The same “me-first” perspective prevails across California state government unions. Even as California sinks ever-deeper into a fiscal quagmire, union bosses have tunnel vision: Their only priority seems to be to extract higher taxes from the much-maligned “rich” in order to keep the gravy train rolling. Not only does this approach overlook the fact that wealthy taxpayers are the most mobile (and can therefore most easily leave the state); it also ignores the manifold abuses of the system perpetrated routinely by far too many state government employees.
For example, recent reports in The Los Angeles Times revealed that California routinely cuts hefty six-figure checks to its workers when they retire, because state government managers routinely ignore official limits on government employees’ saved vacation time. Payroll records don’t even offer auditors the ability to detect how many state employees at the end of their careers simply stop working but continue to draw paychecks until their banked vacation time has been used up. What’s unclear is why those in government deem themselves exempt from the common sense rules of private sector workplaces – including the “use it or lose it” standard for vacation days.
Before government unions demand more taxes from the already-overtaxed workers in the private sector, perhaps union leaders should begin calling for the routine cost control and accountability measures that the private sector requires.
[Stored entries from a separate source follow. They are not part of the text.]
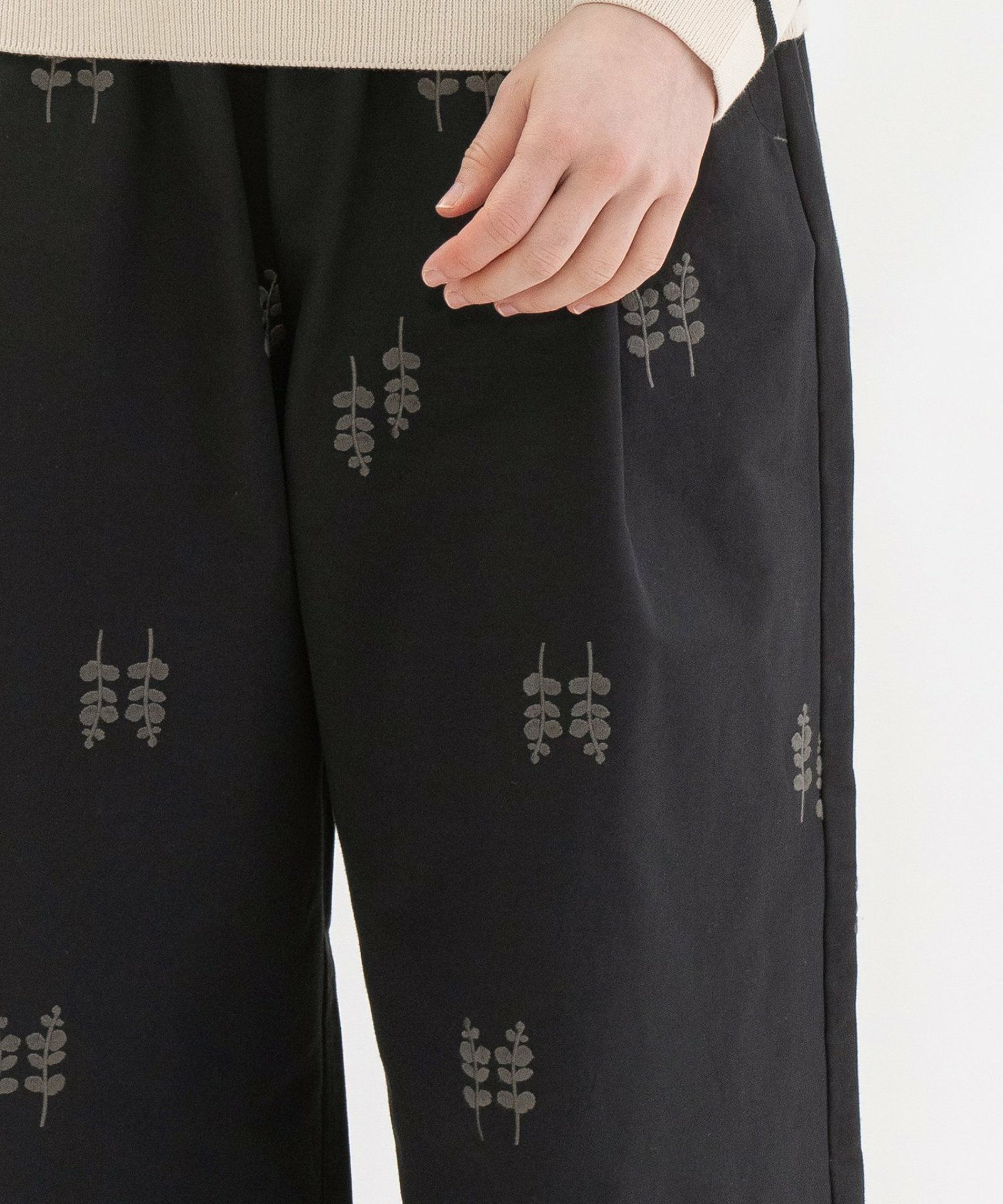 軽い綿ナイロンのグログラン生地に、ユーカリ柄の刺繍を施したオリジナル生地の8分クロップドパンツ。フロントはワンタックで広がりすぎないセミワイドシルエットです。両サイドのポケット口にはスカラップステッチがあり、さりげないアクセントに。ウエストはゴム仕様で、内紐つき。
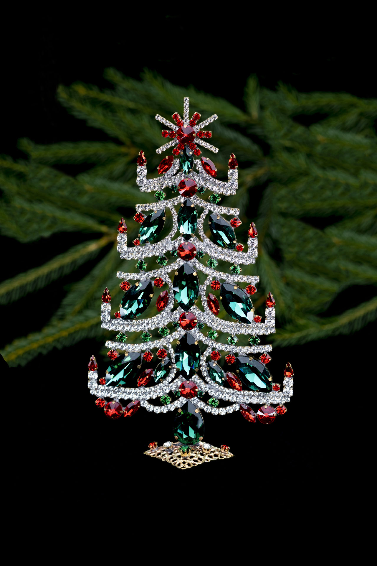 Bethlehem table top Christmas tree, handcrafted with Clear, LT Siam and Emerald colored Czech rhinestone crystals cut into different glass ornament decorations such as a Bethlehem style Christmas star, perfectly placed crystals to look like tinsel and finished off with 8 flamed candles.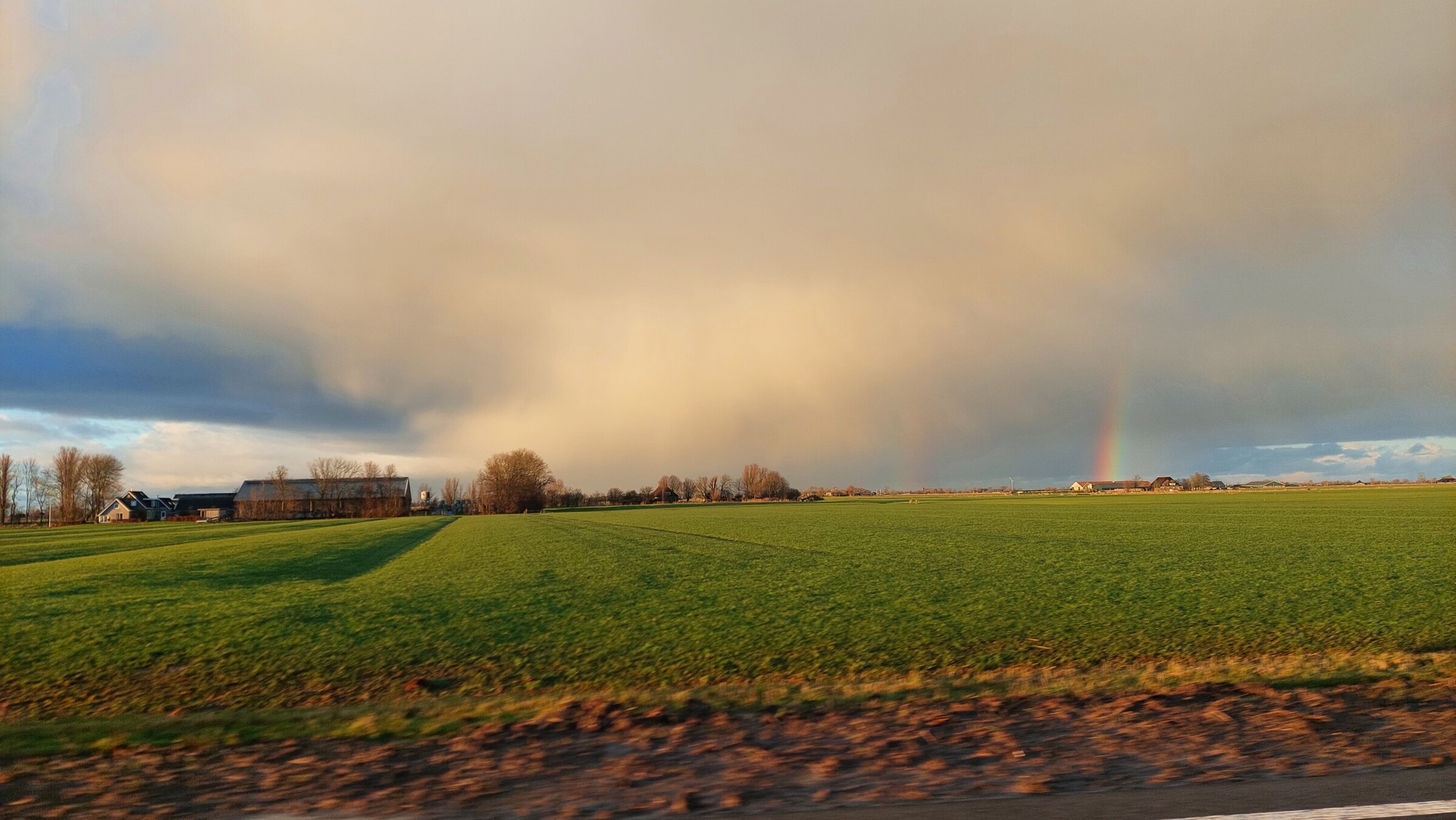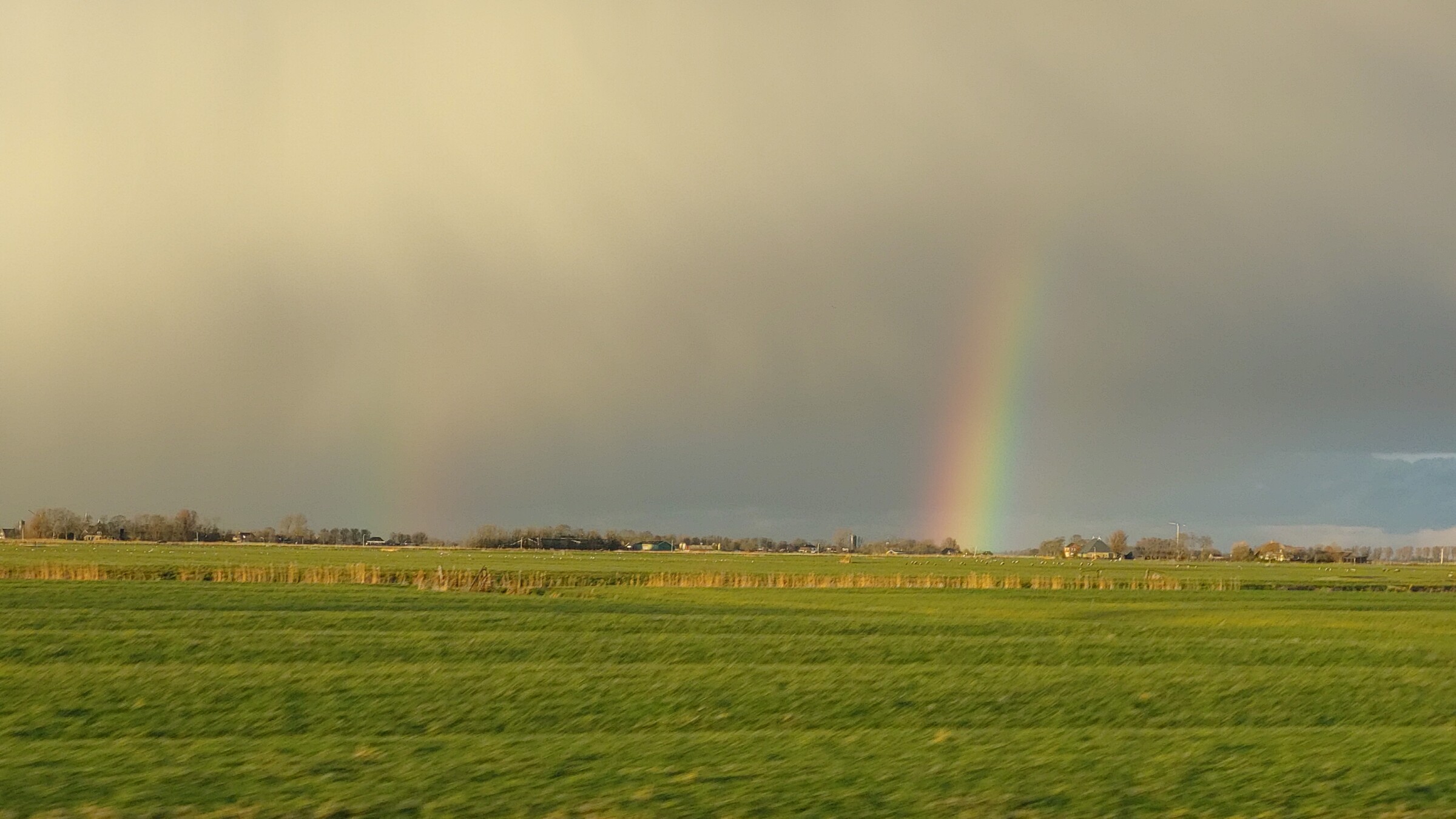 Uitzicht op een prachtige bui met hagel en een dubbele regenboog

Perhaps they, too, should start embracing reforms, from merit pay to meaningful performance review, aimed at ensuring that each state employee’s performance justifies his or her place on the state payroll. And perhaps they should start recognizing that their members are supposed to be serving the taxpayers of California – not the other way around. The many honest, hardworking state employees -- and the taxpayers who pay their salaries -- deserve no less.
If that day ever comes, no overhyped “state of emergency” protests will be necessary. A lean, productive, responsive state government is one that California taxpayers can, and will, gladly subsidize.